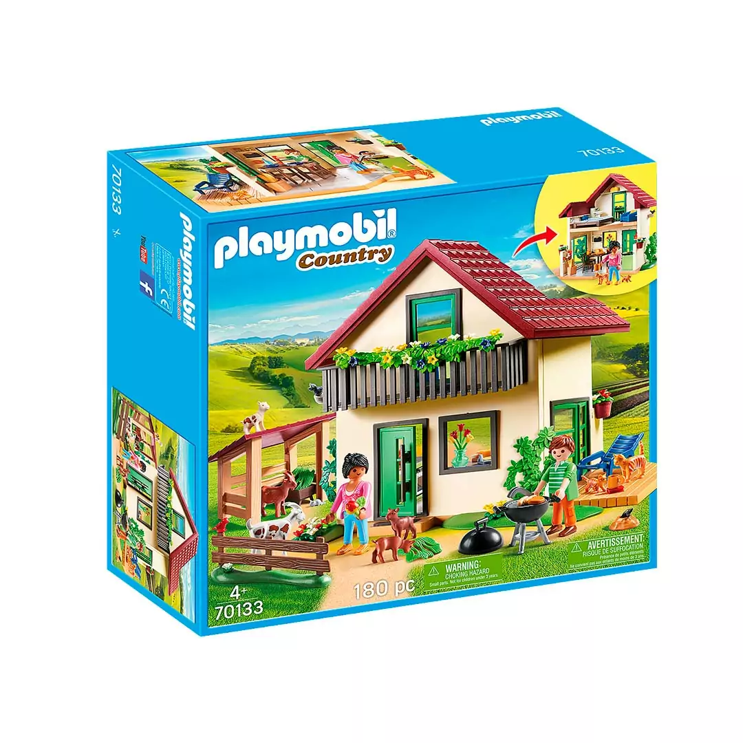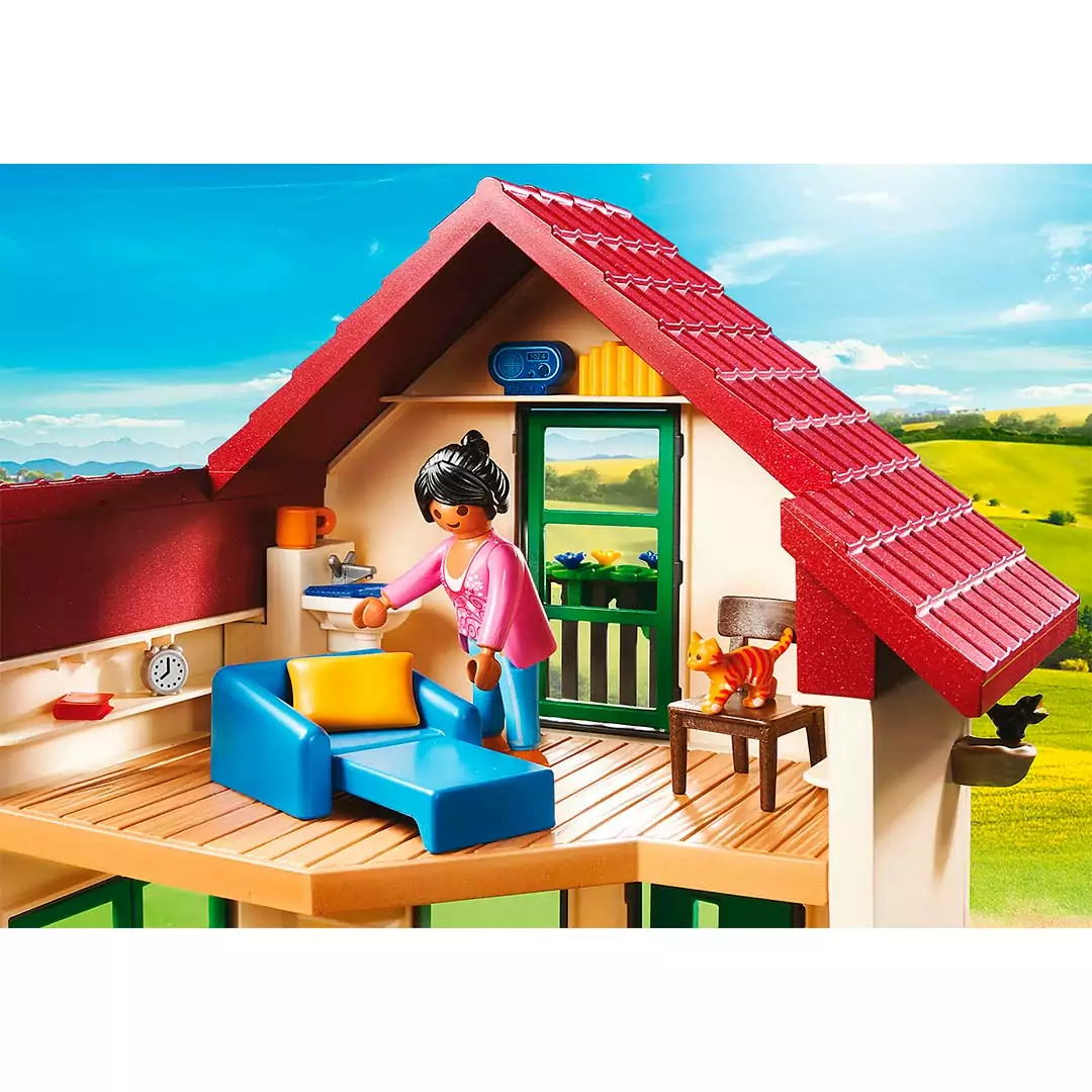 La familia vive muy a gusto en esta acogedora casa de campo con cocina-comedor y dormitorio con baño. Papá hace una barbacoa en el jardín, mientras que mamá vigila a las cabras, que están en su recinto. ¡Después de un intenso día de trabajo, no hay nada como relajarse en la tumbona de la terraza con una taza de té! La casa de campo cuenta con una cocina-comedor totalmente equipados en la planta baja. Mamá hace la comida y papá pone la mesa. ¡Que no falte el kétchup para la barbacoa! Hasta los gatos están deseando hincarle el diente… En la planta superior de la casa de campo se encuentra el dormitorio con baño. El sofá cama invita a quedarse y relajarse. Desde el balcón, se respira el aire fresco del campo.
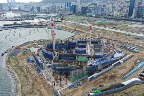 부산항 북항재개발 지역의 부산오페라하우스 공사 현장. 부산일보DB부산오페라하우스와 부산국제아트센터의 무대분야 기술지원을 담당하는 부산시 임기제 공무원 채용과 관련해 (사)무대예술전문인협회가 반발하고 나섰다.
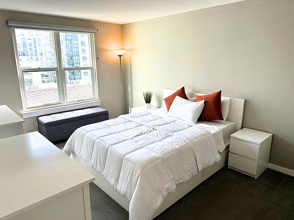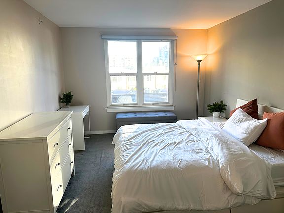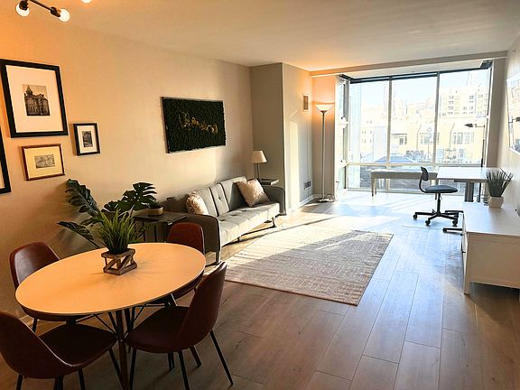 Spectacular condo with stunning views in a full service building! Furnished. Fully equipped fitness center, 24 hour doorman security, Jacuzzi/hot tub, sauna, shared outdoor lanai, near key shuttle stops also one block from the 2 & 3 lines, two blocks from 38 line and 3 blocks to California cable car line. Walk to Polk, Hayes Valley, Japan Town, Cow Hollow/ Marina, and Fillmore right from your front door! Condo Details - Furnished and move-in ready. Also available without furniture - One Bedroom, Great Flow and Open Floor Plan - 7th floor home with spectacular views - Floor to Ceilings Windows with unobstructed views of downtown SF (east facing) - Kitchen is loaded with garbage disposal, dishwasher, stovetop/oven, microwave, lots of cabinet space - Walk in Closet + wall of closets in entry way - High Speed Internet Included - In Unit Laundry - Near key shuttle stops, one block from the 2, 3, 4 lines two blocks from 38 line and 3 blocks to California cable car line Building Amenities - 24 hour security and door man building - Fully equipped fitness center, Jacuzzi/hot tub & Sauna - 3rd Floor shared lanai with tables and lounge chairs - Parking available at $200/month. Parking in building, underground, automatic door and dedicated space. - Modern building, concrete floor/ceilings, 164 units Neighborhoods & Parks - Neighborhoods: Walking distance to Polk Street, Hayes Valley, Cow Hollow Fillmore and Japan Town - Parks: Lafayette Park, Japan Town Plaza Park, Jefferson Square Park Transportation - Near key shuttle stops, one block from the 2 & 3 lines two blocks from 38 line and 3 blocks to California cable car line Grocery - Grocery: Walk to Whole Foods (on California/Franklin); Trader Joes (on California/Hyde) Lease Details: - High Speed Wireless Internet Included in Rent - Water and Garbage Included in Rent - No Smoking - Parking available at $200/month Furnished. Garage parking available
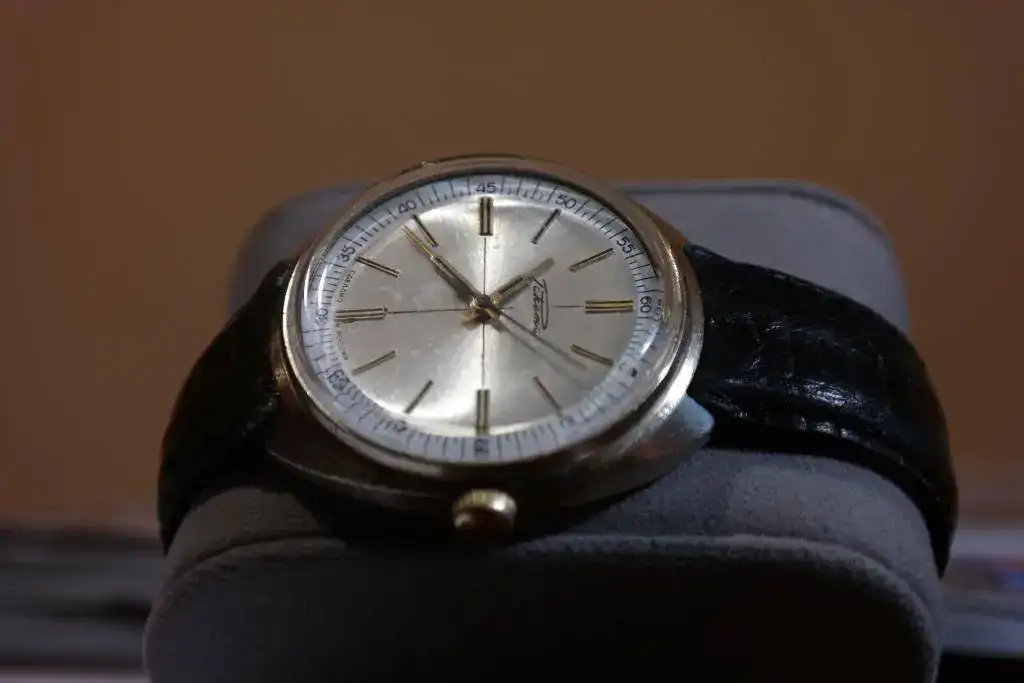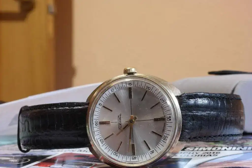 Que bonito es ese Raketa compi, muy elegante y atemporal como bien comentas.Hoy de Vestir . Raketa de caja dorada y esfera plateada con rueda de indices en blanco , indices en oro y negro y fijaos que diseño las agujas . Un reloj atemporal y con una precision mas que aceptable .: 30 segundos cada 24 horas . Lastima que no sea acuatico , pero no lo puede tener todo .Ver el archivos adjunto 424247
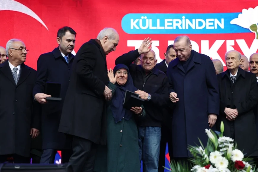 Deprem sürecinde siyasi tartışmalara rağmen çalışmaları kararlılıkla sürdürdüklerini ifade eden Erdoğan, verilen sözlerin tutulduğunu, şehirlerin kısa sürede yeniden ayağa kaldırıldığını söyledi.
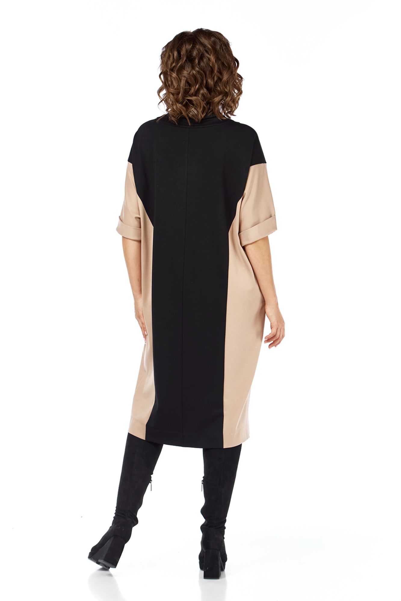 Платье женское свободного силуэта, выполнено путем комбинирования тканей двух цветов, из трикотажного полотна. Изделие с воротником “хомут”. По переду и спинке обработаны фигурные рельефы. Рукава спущенные. В боковых швах имеются карманы.
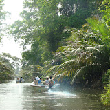 We maken vandaag een boottocht over het Dutch Channel, een 100 kilometer lange waterweg, die nog door de Hollanders aangelegd is. Dit kanaal verbindt kaneeltuinen, kokospalmplantages en kleine dorpjes in het achterland met de havens aan de kust. We stappen in ons bootje . Langs het kanaal worden stenen gebakken en staan hutten van steen, riet en hout.
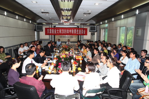 10 月 3 日 ,正值中秋佳节,校党委学工部在多功能会议室组织召开 2009 年中秋师生座谈会。校党委书记陈学奇、党委副书记杨万义出席会议并讲话。宣传部部长史瑞杰、校办主任庞文生,各专业学院分管学生工作书记、副书记,学工部、学生处全体老师及 12 个民族 31 名在校学生代表参加座谈会。
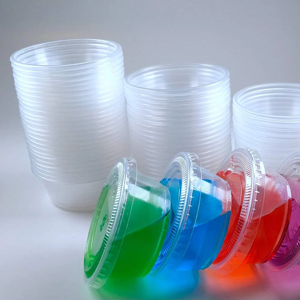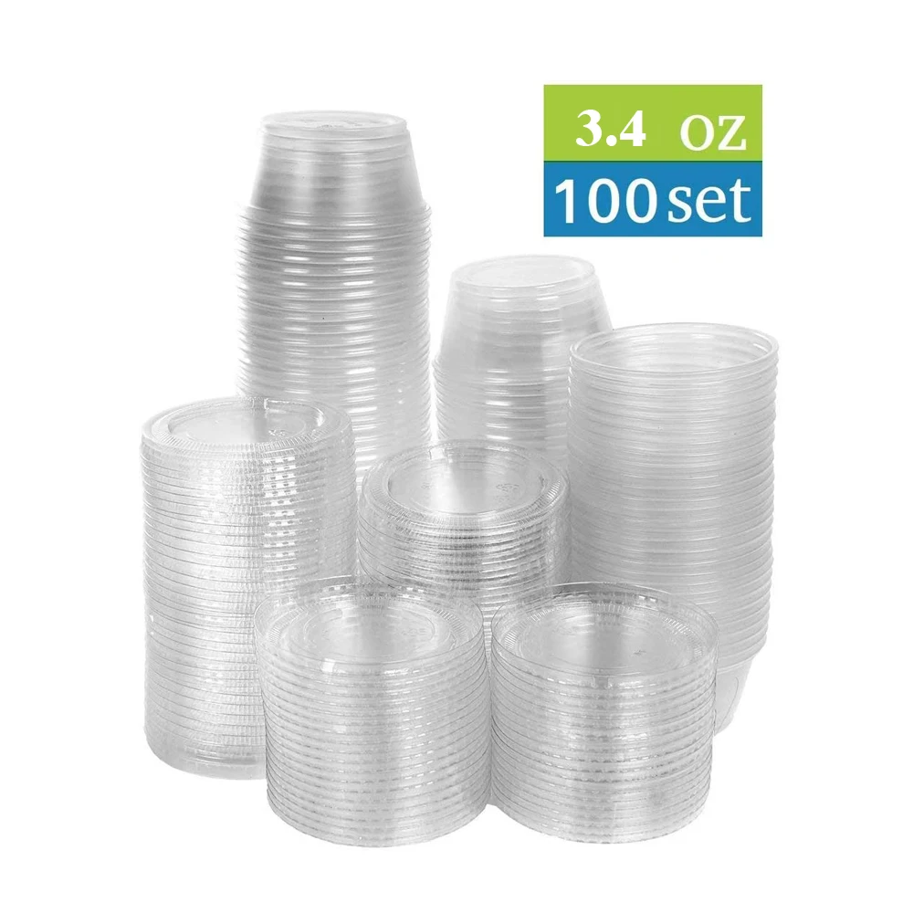 (3,4 унции. 100 комплектов) одноразовые пластиковые чашки с крышками, чашки для приправ, желатиновые чашки, прозрачные чашки для образцов

**********

How to complete this task> When you transcribe the entries above, begin at their first line, end with the line containing "부산항 북항재개발 지역의", and copy each line exactly without any picture.

Result of this exercise>
 La familia vive muy a gusto en esta acogedora casa de campo con cocina-comedor y dormitorio con baño. Papá hace una barbacoa en el jardín, mientras que mamá vigila a las cabras, que están en su recinto. ¡Después de un intenso día de trabajo, no hay nada como relajarse en la tumbona de la terraza con una taza de té! La casa de campo cuenta con una cocina-comedor totalmente equipados en la planta baja. Mamá hace la comida y papá pone la mesa. ¡Que no falte el kétchup para la barbacoa! Hasta los gatos están deseando hincarle el diente… En la planta superior de la casa de campo se encuentra el dormitorio con baño. El sofá cama invita a quedarse y relajarse. Desde el balcón, se respira el aire fresco del campo.
 부산항 북항재개발 지역의 부산오페라하우스 공사 현장. 부산일보DB부산오페라하우스와 부산국제아트센터의 무대분야 기술지원을 담당하는 부산시 임기제 공무원 채용과 관련해 (사)무대예술전문인협회가 반발하고 나섰다.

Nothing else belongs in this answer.